Now we need to configure Pi-hole to use our local Unbound instance as its upstream DNS server.

1. Access the Pi-hole web interface
2. Navigate to Settings > DNS
3. Uncheck all upstream DNS servers
4. Add 127.0.0.1#5335 as a custom upstream DNS server
5. Enable DNSSEC
6. Save your settings

Configuring Your Network

The final step is to configure your router to use Pi-hole as the DNS server for your entire network:

1. Log in to your router’s admin interface
2. Find the DHCP/DNS settings
3. Set the primary DNS server to your Pi-hole VM’s IP address
4. Save your settings

Alternatively, you can configure individual devices to use Pi-hole as their DNS server.

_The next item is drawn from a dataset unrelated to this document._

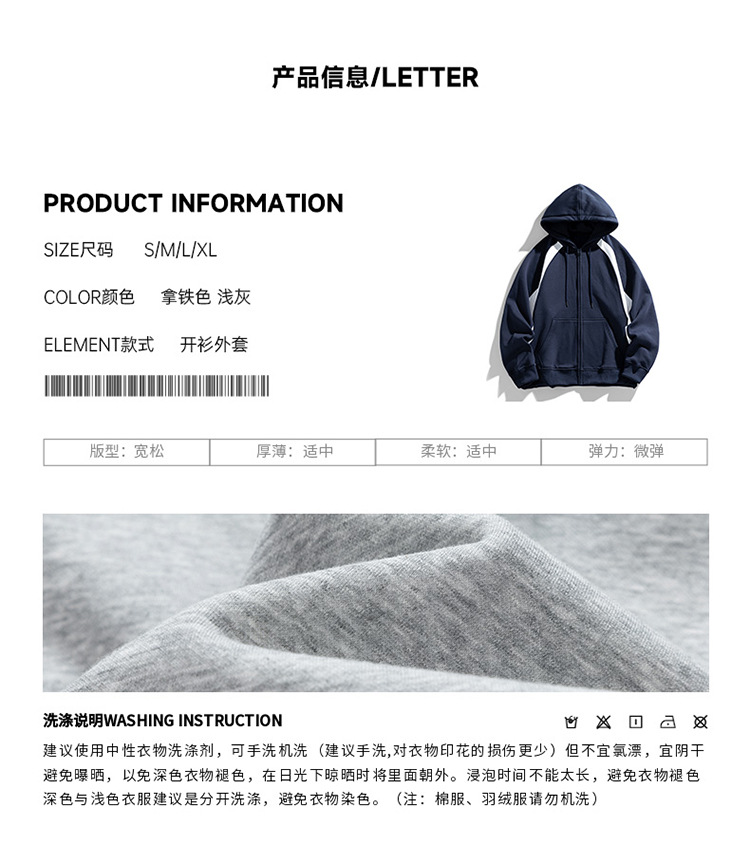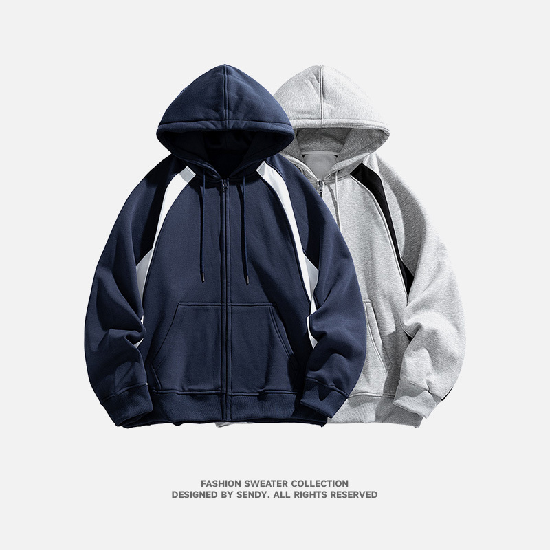 아메리칸 스타일 트렌디 브랜드 헤비 후드 스웨터 카디건 유니섹스 루즈 올 매치 캐주얼 남성 봄과 가을 뉴 자켓

Maintenance and Monitoring

Regular Updates

Keep both Pi-hole and Unbound updated:

# Update Pi-hole
pihole -up

# Update system and Unbound
apt update && apt upgrade -y

Monitoring Performance

Pi-hole’s dashboard provides valuable insights into your network’s DNS queries. Regularly check:

• Top domains being queried
• Top clients making requests
• Blocked domains
• Query types

Troubleshooting

If you encounter issues:

• Check Pi-hole logs: pihole -t
• Check Unbound logs: journalctl -u unbound
• Verify DNS resolution: dig @PI_HOLE_IP example.com
• Test DNSSEC validation: dig @PI_HOLE_IP dnssec-failed.org

Taking It Further

Once your basic setup is working, consider these enhancements:

• Add more comprehensive blocklists to Pi-hole
• Set up regular backups of your VM
• Configure failover DNS for when your system is unavailable
• Implement DoH (DNS over HTTPS) or DoT (DNS over TLS) for added security

Conclusion

The combination of Pi-hole and Unbound running in a Proxmox VM creates a powerful privacy solution for your home network. This setup blocks unwanted content, prevents tracking, and keeps your DNS queries private from your ISP and third parties.

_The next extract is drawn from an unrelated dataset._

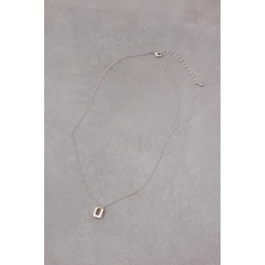 重なり合ったスクエア形状のペンダントが中心となり、モダンでシックな印象を与えます。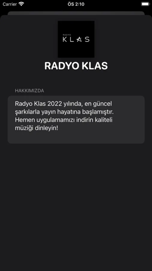 Radyo Klas 2022 yılında, en güncel şarkılarla yayın hayatına başlamıştır.

While the initial configuration requires some technical knowledge, the long-term benefits to your privacy and browsing experience make it well worth the effort. Plus, hosting these services in a Proxmox VM provides the flexibility to adjust resources as needed and run other services alongside your privacy stack.

By taking control of your DNS resolution, you’ve taken a significant step toward a more private and secure digital life. As online tracking becomes increasingly sophisticated, solutions like this become not just nice-to-have but essential components of a privacy-conscious network.